→ **Activity**: Copy out exactly the lines below that run from the one holding "さらに、全てのおむつケーキは" to the one holding "As you can see", keeping both of those lines and no others.

→ **Records to process**:
--------------------------------------------------
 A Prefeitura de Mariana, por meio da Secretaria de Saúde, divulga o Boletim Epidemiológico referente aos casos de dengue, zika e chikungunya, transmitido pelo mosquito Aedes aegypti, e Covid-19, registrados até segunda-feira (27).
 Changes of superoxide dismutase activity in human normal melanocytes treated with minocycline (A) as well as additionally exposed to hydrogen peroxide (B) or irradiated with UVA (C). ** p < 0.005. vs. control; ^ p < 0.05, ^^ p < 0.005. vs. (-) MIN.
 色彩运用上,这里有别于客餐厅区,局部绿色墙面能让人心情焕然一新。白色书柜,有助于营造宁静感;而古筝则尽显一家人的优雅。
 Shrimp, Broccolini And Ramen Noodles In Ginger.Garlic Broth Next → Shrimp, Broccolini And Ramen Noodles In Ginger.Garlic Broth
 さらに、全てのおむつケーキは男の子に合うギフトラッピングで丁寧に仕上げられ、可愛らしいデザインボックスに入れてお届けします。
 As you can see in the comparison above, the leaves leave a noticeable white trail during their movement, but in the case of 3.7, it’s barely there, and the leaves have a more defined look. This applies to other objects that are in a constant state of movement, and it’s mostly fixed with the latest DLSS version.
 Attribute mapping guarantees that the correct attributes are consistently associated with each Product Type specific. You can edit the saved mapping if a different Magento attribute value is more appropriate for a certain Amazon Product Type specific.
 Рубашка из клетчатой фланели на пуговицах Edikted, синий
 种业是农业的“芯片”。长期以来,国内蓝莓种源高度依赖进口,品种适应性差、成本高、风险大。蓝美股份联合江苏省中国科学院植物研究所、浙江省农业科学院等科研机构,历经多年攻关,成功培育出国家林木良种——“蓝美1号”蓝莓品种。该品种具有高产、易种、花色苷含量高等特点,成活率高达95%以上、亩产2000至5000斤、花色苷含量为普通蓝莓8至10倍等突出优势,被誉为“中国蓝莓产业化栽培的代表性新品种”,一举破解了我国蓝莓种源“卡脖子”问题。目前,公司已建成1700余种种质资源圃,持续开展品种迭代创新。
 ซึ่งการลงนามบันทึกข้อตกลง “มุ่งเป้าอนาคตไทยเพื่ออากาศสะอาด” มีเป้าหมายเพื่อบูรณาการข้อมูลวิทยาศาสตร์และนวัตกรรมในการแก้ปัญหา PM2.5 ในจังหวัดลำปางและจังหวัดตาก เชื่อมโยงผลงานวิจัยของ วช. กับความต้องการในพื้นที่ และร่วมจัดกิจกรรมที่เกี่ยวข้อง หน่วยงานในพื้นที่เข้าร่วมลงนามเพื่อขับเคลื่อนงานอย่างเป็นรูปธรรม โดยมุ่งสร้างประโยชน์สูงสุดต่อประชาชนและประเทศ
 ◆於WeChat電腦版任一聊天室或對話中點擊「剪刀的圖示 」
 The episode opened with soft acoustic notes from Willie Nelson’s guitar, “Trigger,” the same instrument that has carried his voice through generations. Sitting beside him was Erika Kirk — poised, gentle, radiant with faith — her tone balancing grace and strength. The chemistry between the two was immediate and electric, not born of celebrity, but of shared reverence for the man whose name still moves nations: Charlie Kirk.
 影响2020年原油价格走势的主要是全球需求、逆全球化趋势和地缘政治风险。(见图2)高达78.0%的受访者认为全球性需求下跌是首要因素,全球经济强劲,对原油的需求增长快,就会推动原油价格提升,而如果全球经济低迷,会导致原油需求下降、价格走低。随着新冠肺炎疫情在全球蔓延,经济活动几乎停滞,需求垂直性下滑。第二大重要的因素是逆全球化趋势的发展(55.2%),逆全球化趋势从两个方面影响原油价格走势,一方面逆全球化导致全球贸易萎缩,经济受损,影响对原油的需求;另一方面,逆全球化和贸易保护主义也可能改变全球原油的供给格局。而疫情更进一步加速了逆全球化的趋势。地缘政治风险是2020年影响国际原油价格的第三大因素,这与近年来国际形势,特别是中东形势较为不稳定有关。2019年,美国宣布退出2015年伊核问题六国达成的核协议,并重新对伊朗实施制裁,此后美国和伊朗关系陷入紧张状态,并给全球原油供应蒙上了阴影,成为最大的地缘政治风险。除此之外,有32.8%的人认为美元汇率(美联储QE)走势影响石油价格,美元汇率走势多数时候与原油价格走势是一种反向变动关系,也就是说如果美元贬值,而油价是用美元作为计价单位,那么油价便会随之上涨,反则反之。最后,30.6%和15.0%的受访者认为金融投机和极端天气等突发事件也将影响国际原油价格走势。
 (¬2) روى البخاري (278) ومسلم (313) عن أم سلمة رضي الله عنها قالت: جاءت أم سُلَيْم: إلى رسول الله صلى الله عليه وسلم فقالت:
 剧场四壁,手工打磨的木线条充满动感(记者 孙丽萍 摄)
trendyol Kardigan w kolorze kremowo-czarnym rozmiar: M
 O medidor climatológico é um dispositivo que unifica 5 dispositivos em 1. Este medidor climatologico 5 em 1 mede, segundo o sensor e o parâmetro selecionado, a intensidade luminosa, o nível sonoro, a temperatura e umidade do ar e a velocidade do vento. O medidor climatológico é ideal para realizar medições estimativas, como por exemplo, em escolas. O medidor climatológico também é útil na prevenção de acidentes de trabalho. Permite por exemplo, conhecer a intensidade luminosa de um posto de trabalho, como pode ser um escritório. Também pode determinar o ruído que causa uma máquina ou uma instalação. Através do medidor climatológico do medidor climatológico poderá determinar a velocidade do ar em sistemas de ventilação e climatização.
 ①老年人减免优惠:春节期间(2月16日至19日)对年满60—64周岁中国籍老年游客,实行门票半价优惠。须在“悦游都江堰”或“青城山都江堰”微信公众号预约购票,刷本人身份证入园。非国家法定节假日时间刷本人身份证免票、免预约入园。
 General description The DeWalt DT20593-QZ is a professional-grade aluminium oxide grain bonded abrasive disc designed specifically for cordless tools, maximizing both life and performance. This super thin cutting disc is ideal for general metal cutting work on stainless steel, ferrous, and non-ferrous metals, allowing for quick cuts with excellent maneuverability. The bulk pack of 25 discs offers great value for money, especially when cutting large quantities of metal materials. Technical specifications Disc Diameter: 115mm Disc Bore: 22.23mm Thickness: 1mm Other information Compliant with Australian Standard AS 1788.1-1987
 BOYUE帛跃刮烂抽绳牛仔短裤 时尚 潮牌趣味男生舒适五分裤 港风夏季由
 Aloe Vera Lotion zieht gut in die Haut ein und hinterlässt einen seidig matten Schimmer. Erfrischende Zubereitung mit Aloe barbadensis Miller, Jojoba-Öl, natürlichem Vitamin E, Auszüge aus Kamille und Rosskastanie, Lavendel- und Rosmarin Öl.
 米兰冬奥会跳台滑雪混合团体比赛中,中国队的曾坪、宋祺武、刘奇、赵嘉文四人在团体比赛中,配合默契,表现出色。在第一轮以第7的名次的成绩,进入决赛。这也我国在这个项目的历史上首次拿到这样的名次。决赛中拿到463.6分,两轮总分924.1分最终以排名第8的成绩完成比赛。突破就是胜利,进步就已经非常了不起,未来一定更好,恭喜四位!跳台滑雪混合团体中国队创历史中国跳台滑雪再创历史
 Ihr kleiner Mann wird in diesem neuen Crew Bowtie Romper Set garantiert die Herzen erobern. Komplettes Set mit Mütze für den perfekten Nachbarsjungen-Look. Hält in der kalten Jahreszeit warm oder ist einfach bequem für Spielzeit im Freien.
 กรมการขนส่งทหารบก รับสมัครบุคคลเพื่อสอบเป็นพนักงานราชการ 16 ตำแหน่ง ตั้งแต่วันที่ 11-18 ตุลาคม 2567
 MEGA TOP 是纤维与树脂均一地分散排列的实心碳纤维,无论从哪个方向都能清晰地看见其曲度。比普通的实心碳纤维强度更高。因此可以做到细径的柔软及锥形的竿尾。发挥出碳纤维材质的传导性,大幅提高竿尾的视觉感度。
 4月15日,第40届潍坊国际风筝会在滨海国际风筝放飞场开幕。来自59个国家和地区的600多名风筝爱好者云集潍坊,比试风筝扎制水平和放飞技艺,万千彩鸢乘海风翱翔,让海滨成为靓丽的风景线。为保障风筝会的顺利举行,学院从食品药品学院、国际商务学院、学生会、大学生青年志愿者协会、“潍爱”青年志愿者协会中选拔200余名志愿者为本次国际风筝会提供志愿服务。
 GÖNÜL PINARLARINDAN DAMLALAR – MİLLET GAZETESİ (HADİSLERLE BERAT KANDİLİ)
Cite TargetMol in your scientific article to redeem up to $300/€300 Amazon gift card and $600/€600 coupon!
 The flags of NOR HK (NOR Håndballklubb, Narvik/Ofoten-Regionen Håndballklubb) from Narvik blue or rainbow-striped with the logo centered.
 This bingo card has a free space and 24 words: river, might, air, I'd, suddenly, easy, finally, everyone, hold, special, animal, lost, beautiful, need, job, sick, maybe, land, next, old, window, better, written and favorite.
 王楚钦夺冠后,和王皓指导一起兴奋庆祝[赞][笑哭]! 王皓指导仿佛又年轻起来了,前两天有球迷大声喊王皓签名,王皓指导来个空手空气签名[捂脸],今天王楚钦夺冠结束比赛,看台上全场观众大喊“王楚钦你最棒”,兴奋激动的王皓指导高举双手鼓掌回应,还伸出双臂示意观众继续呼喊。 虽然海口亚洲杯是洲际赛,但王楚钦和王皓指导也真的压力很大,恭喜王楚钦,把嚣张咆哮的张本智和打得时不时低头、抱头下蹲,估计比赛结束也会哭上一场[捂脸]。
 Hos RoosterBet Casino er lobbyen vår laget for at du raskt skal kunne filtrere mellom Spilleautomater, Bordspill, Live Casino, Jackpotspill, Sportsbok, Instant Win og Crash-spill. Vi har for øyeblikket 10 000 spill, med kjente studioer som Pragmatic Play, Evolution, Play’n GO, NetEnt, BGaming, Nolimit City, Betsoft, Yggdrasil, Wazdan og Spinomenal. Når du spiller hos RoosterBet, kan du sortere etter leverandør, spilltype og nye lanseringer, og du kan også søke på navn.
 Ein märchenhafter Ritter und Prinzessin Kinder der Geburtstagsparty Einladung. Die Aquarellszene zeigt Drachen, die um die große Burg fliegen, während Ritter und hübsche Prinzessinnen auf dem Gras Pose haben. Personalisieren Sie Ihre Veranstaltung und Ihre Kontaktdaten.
--------------------------------------------------
→ **Written reply**:
 さらに、全てのおむつケーキは男の子に合うギフトラッピングで丁寧に仕上げられ、可愛らしいデザインボックスに入れてお届けします。
 As you can see in the comparison above, the leaves leave a noticeable white trail during their movement, but in the case of 3.7, it’s barely there, and the leaves have a more defined look. This applies to other objects that are in a constant state of movement, and it’s mostly fixed with the latest DLSS version.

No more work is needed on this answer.